In The Tattoo Artist, Sara Ehrenreich is an Amelia Earhart of avant-garde art, a disappeared person who re-enters the United States thirty years aftertattoo artist she and her husband are presumed dead on a distant South Pacific island.

As a restless teenager drawn to radical ideas, Sara is seduced, physically and mentally, by Philip Ehrenreich, a flamboyant free-thinker who is an incessant lover of art, if not much of an artist.  He discovers and nurtures Sara’s talents and the two ride high in the heady world of New York City during the roaring 1920s.  When the Great Depression hits, their finances vanish.  As Philip negotiates the sale of his valued set of masks, the buyer offers to finance the couple’s journey to remote areas of Polynesia to collect more masks and artifacts for his collection, and they leave the country in 1939.

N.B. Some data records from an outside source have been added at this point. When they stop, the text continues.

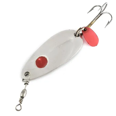 Con un acabado en niquelado brillante, esta cucharilla de 1 1/2" (4 cm) presenta un distintivo punto rojo pintado en su lado convexo. Con un peso de 1/4 oz (7 g), el ejemplar tiene grabado en el reverso "Les Davis 1/4 OZ. HOTROD", confirmando su origen estadounidense. Lleva el código de producto 21929 y viene montada con un anzuelo triple estándar y una pequeña placa atractora de plástico rojo en la anilla abierta trasera. Se incluye un quitavueltas de barril en la parte delantera para facilitar un movimiento fluido durante el lanzado o el curricán. Este ejemplar se encuentra en excelente estado, con una valoración de 5/5, conservando perfectamente el acabado niquelado y los detalles en rojo. Su cuerpo en forma de lágrima es un clásico del material de pesca americano de mediados de siglo, diseñado para ofrecer una gran visibilidad en diferentes condiciones de luz.
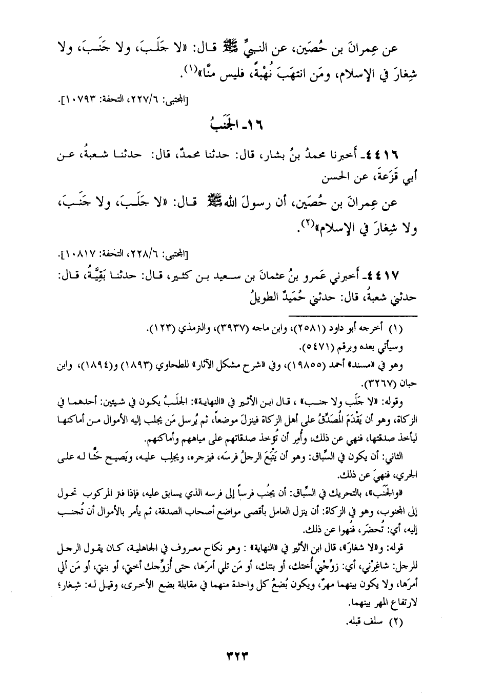 4415 - أَخْبَرَنَا مُحَمَّدُ بْنُ عَبْدِ اللهِ بْنِ بَزِيعٍ قَالَ: حَدَّثَنَا يَزِيدُ وَهُوَ ابْنُ زُرَيْعٍ قَالَ: حَدَّثَنَا حُمَيْدٌ قَالَ: حَدَّثَنَا الْحَسَنُ، عَنْ عِمْرَانَ بْنِ حَصِينٍ، عَنِ النَّبِيِّ صَلَّى اللهُ عَلَيْهِ وَسَلَّمَ قَالَ: «§لَا جَلَبَ، وَلَا جَنَبَ، وَلَا شِغَارَ فِي الْإِسْلَامِ، وَمَنِ انْتَهَبَ نُهْبَةً فَلَيْسَ مِنَّا»
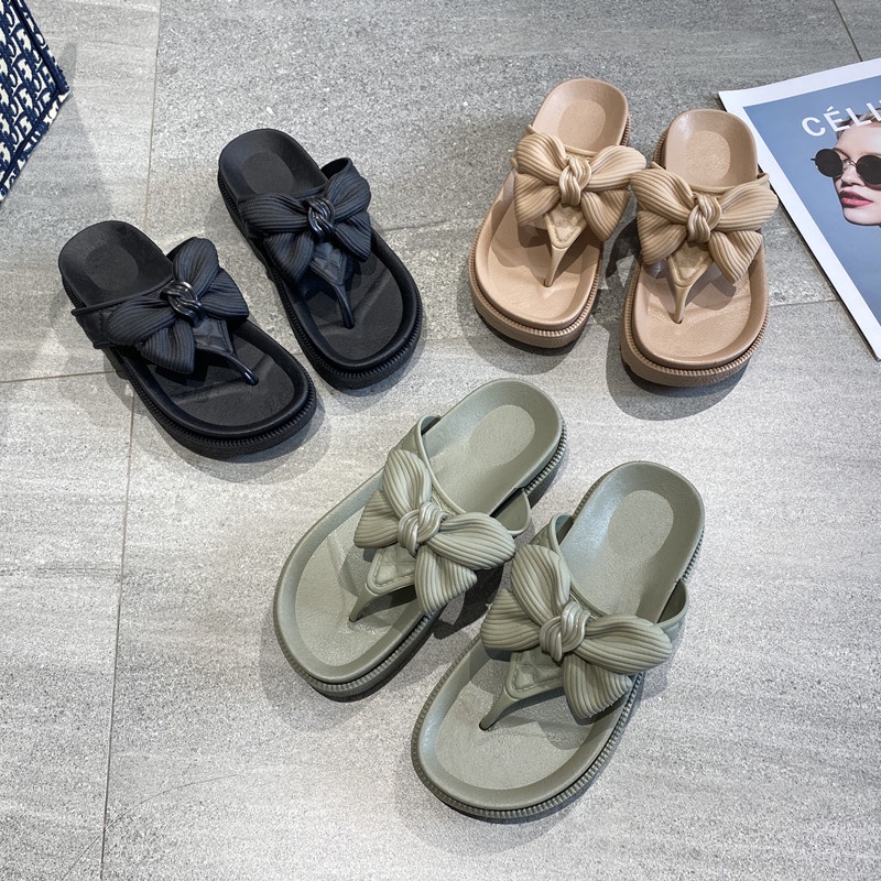 รองเท้าแฟชั่นผู้หญิงแบบมีหู มีโบว์ ยางนิ่มใส่สบาย รุ่น1608

What appears to be an easy commission goes wrong very quickly.  At first, Philip and Sara gain a tentative trust from a tribesman and his granddaughter, and come close to making a deal with them.  However, the tribe blames the Ehrenreichs for a tragedy that happens during a brutal storm, and exact revenge on them by tattooing their faces.  Disfigured and marooned, they eventually accept their fate and adopt the ways of the islanders.  But back luck is not finished with the couple – Philip and several other men are killed when Japanese soldiers invade the island.

Sara mourns Philip, perseveres, and continues to add art onto her body until tattoos cover most of it.  The tribe accepts her as one of their own, and she becomes an esteemed member of the community. 

Around late 1969, rumors of Sara’s continued existence prompt a team from Life Magazine to come calling, and they convince her to return to Manhattan – a culture shock for sure, but with some things still familiar.  She sees a videotaping of the moon landing, negotiates the confusing traffic of the city, and sneaks into a museum to view her own early art – all while relearning how to wear shoes.

I found The Tattoo Artist a fascinating read, an interesting study of how one manages to straddle two widely different cultures.  The end of the book leaves you hanging, in that we’re not sure whether Sara will stay in the modern world or go back to the island.  The last brief chapter expresses her longing when she draws her final tattoo, which will explain the book cover.